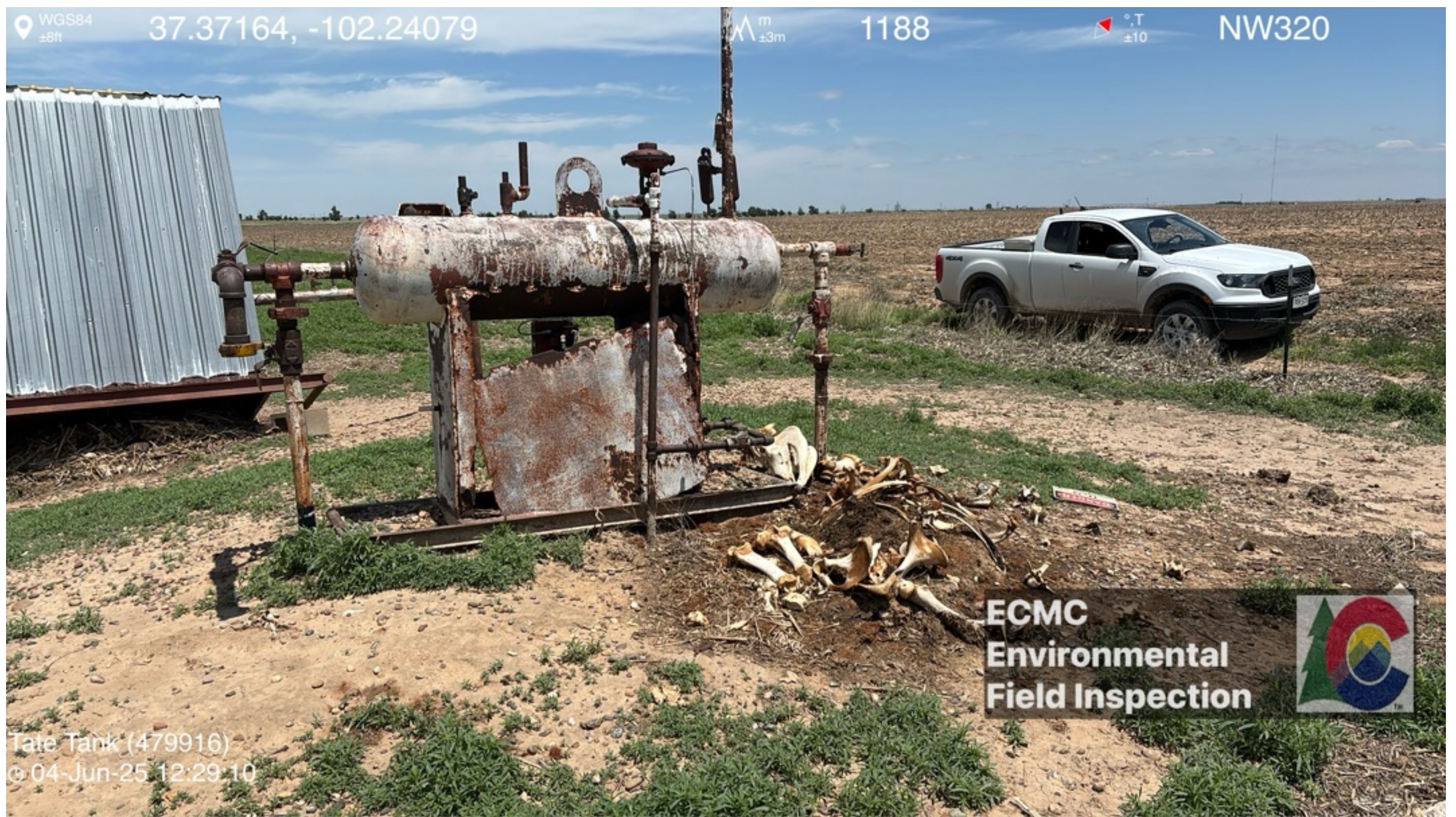
Cattle carcass, weeds, fallen signage.
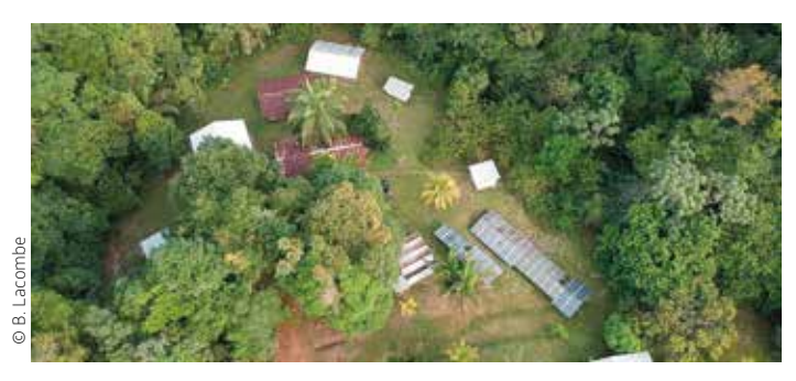
Paracou forestry system, French Guiana

The goal of the ALT project is to improve the parameters of vegetation models for the tropical forests of French Guiana in order to build knowledge about forest regeneration potential and the dynamics of the canopy, by combining inventory and remote sensing observations. The key question is whether these forests will be resilient to climate disturbances.
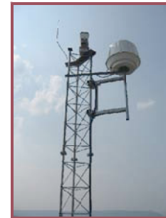
View of completed tower from rooftop. Antenna mount, microwave antenna remote ENG camera, all cabling & lightning suppression configured & installed by DSI.
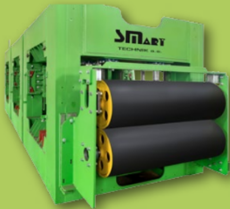
Used Tetra Pak packaging recycled by a SMART TECHNIK line
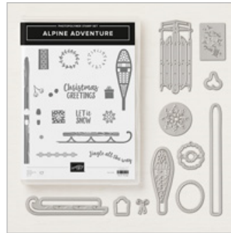
Alpine Adventure Photopolymer Bundle
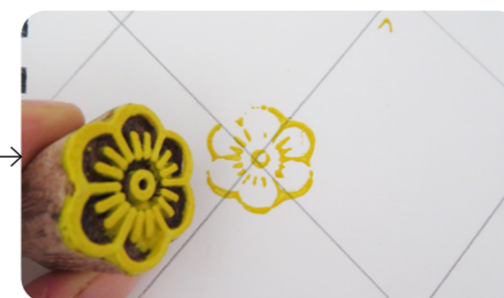
Press the block onto a piece of paper or fabric.
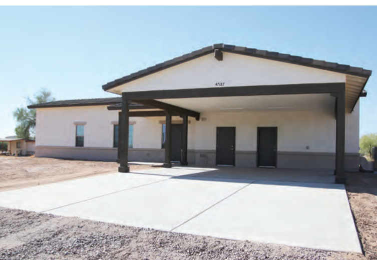
Outside the newly built home.

Once the homes were demolished and the pads were built by AR Mays, Pimmex began the vertical construction and the three homes were completed in just over six months.
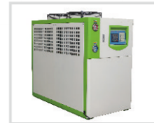
Water cooler 冷水机

—————

• What is needed:
Everything in the entries except the pictures must be duplicated exactly.

• Solution below:
Cattle carcass, weeds, fallen signage.
Paracou forestry system, French Guiana

The goal of the ALT project is to improve the parameters of vegetation models for the tropical forests of French Guiana in order to build knowledge about forest regeneration potential and the dynamics of the canopy, by combining inventory and remote sensing observations. The key question is whether these forests will be resilient to climate disturbances.
View of completed tower from rooftop. Antenna mount, microwave antenna remote ENG camera, all cabling & lightning suppression configured & installed by DSI.
Used Tetra Pak packaging recycled by a SMART TECHNIK line
Alpine Adventure Photopolymer Bundle
Press the block onto a piece of paper or fabric.
Outside the newly built home.

Once the homes were demolished and the pads were built by AR Mays, Pimmex began the vertical construction and the three homes were completed in just over six months.
Water cooler 冷水机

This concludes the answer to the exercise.